UN CRÉNEAU TRÈS POINTU
Marc Gauthier se lance par passion des montres et du Jura. Il veut installer sa marque dans cette région qu’il aime, pour créer des montres dont l’assemblage est fait en France à Morteau et dont la majorité des composants sont également fabriqués en France. Mais, il est contraint d’acheter le mouvement à l’étranger, au Japon, pour parvenir à finaliser un produit dont il a défini le prix cible, très compétitif. Ce sera moins de 500 euros, un prix difficile à tenir.
Pinet Montrivel est donc lancé en septembre 2019 via une première campagne de crowdfunding sur Ulule présentant la première collection de montres automatiques pour homme, Levento. Le succès est au rendez-vous, un minimum de 100 montres était obligatoire pour la suite, les précommandes s’élèvent finalement à 202.
ALTEZZA, POUR LES FEMMES
Le premier lancement a prouvé que Pinet Montrivel pouvait trouver sa cible. Marc Gauthier s’est immédiatement mis au travail pour mettre au point la gamme femme.
Cela a nécessité deux années pour aboutir à une nouvelle campagne de financement lancée sur Kickstarter, une plateforme plus internationale.
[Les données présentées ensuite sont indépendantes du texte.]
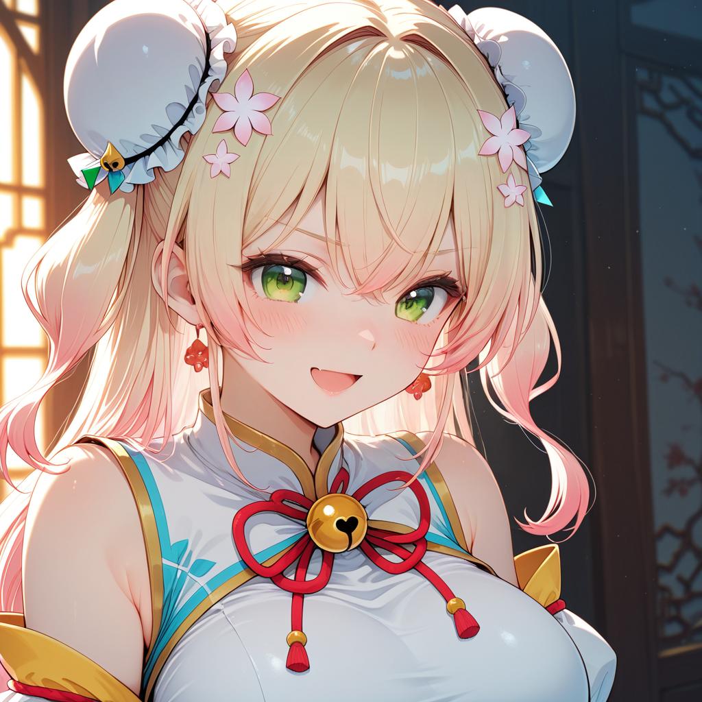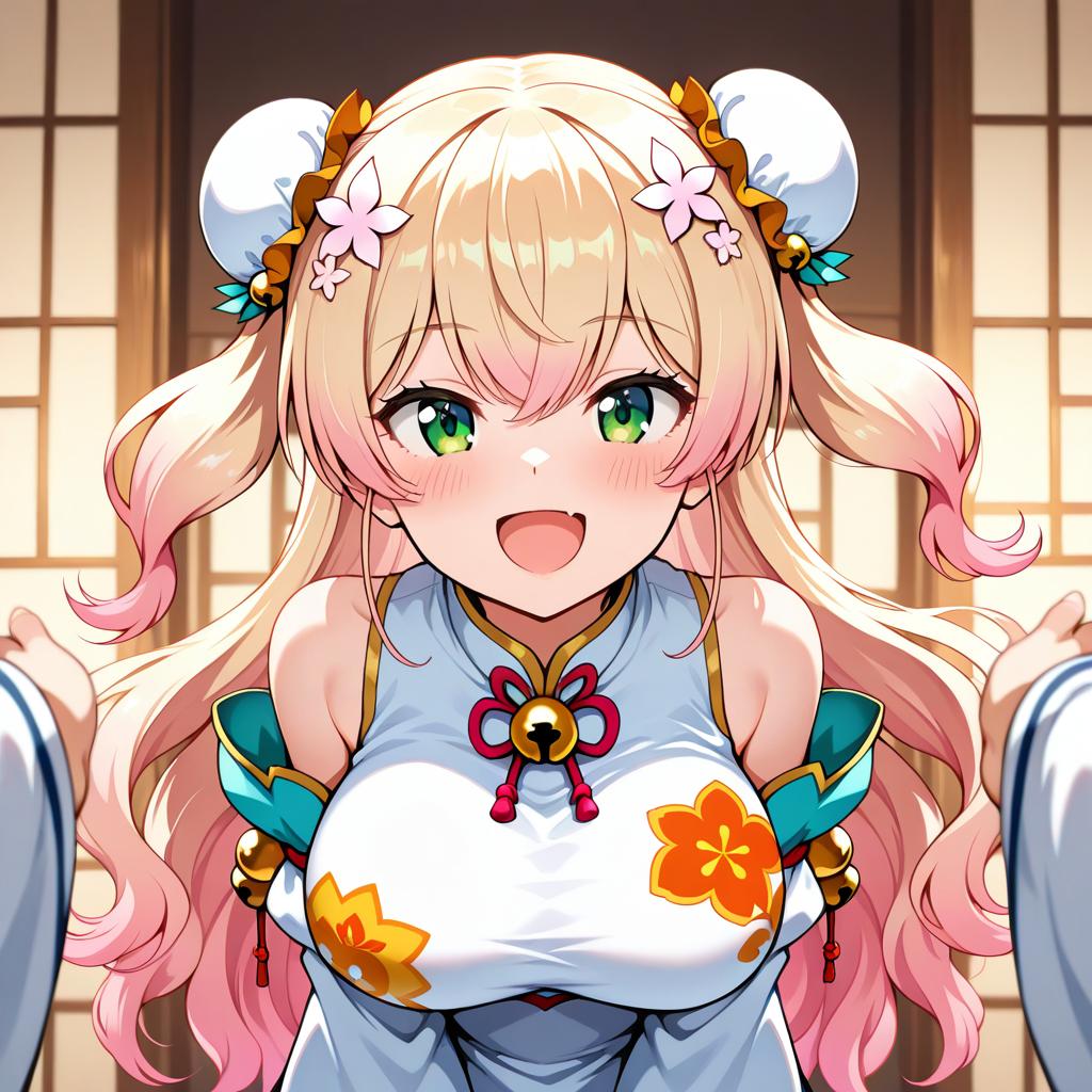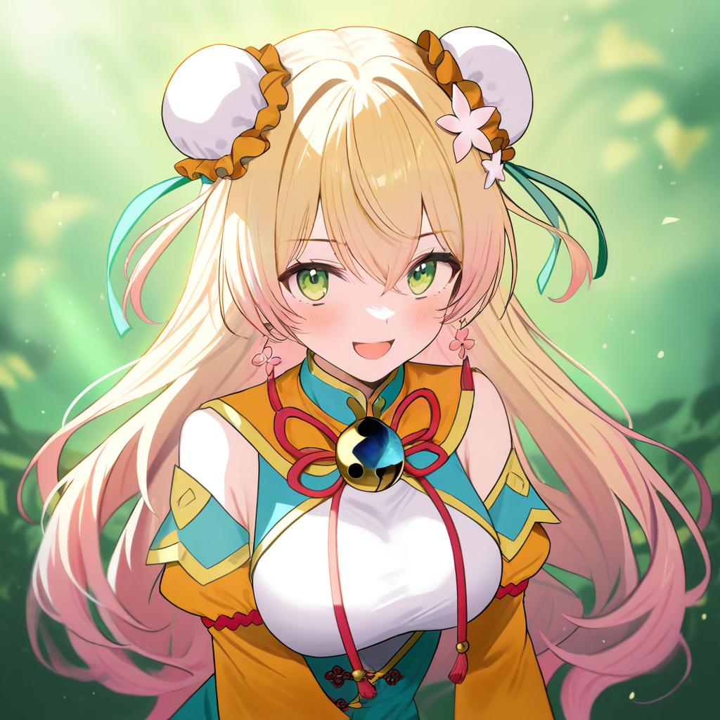 Momosuzu nene (old design), hololive, 1girl, fang, green eyes, hair between eyes, blonde hair, long hair, gradient hair, pink hair, double bun, two side up, hair flower, bun cover, medium breasts, large breasts, chinese clothes, chinese clothes, detached sleeves, juliet sleeves, virtual youtuber, virtual youtuber, jingle bell, by artist wsman, illustrious

Dans le parcours d’une entreprise, tout ne se passe pas toujours comme prévu, tous les chefs d’entreprise expérimentés le savent. Ce fut le cas avec cette campagne. Il fallait au minimum atteindre 80% de l’objectif pour pouvoir aller de l’avant, malheureusement, le taux de réussite n’a été que de 60%, ne permettant pas de rassembler les fonds suffisants pour poursuivre.
REPARTIR
Face à un échec partiel, il n’y a que deux solutions, abandonner pour de bon ou repartir sur de nouvelles bases. Marc Gauthier ne s’est pas lancé sur le court terme, il poursuivra donc l’aventure. Il vend encore les modèles de sa collection homme et s’engage dans de nouveaux défis. Réfléchir à de nouveaux modèles plus en phase avec le public, rechercher des sources de financement, car il s’est lancé seul sans investisseur. Troisième piste de travail, creuser la piste écoresponsable fait partie des chantiers qu’il met en place.
ET AUJOURD’HUI ?
Aujourd’hui, Marc Gauthier est un entrepreneur qui tente de mener de front plusieurs vies pour réussir. Il s’est donc lancé en parallèle de Pinet Montrivel dans une activité de consultant sur tous les aspects du lancement d’une entreprise. Car il faut trouver des solutions et continuer à gagner sa vie en attendant que l’entreprise permette de le faire totalement. Notre entrepreneur est donc également réserviste de l’armée de terre.
Le fait de réussir à tendre vers le 100% made in France reste un objectif pour Marc Gauthier. Cela ne dépend évidemment pas que de lui, car depuis la faillite de l’entreprise France Ébauches il y a 28 ans, le savoir-faire français a disparu, il est aujourd’hui dans les mains des Suisses et des Asiatiques. Marc Gauthier espère qu’une filière revivra un jour, même si pour le moment, la filière horlogère française opte dans sa grande majorité pour une collaboration avec la Suisse.
Pas de 100% français, mais déjà une collaboration européenne et donc forcément plus locale. Marc Gauthier place cependant des espoirs dans le projet de Soprod (groupe Festina) qui pourrait s’associer à l’horloger Berthet pour relancer une fabrication française. On n’en est pas encore là, Pinet Montrivel est là pour durer. Comme ses montagnes du Haut-Doubs.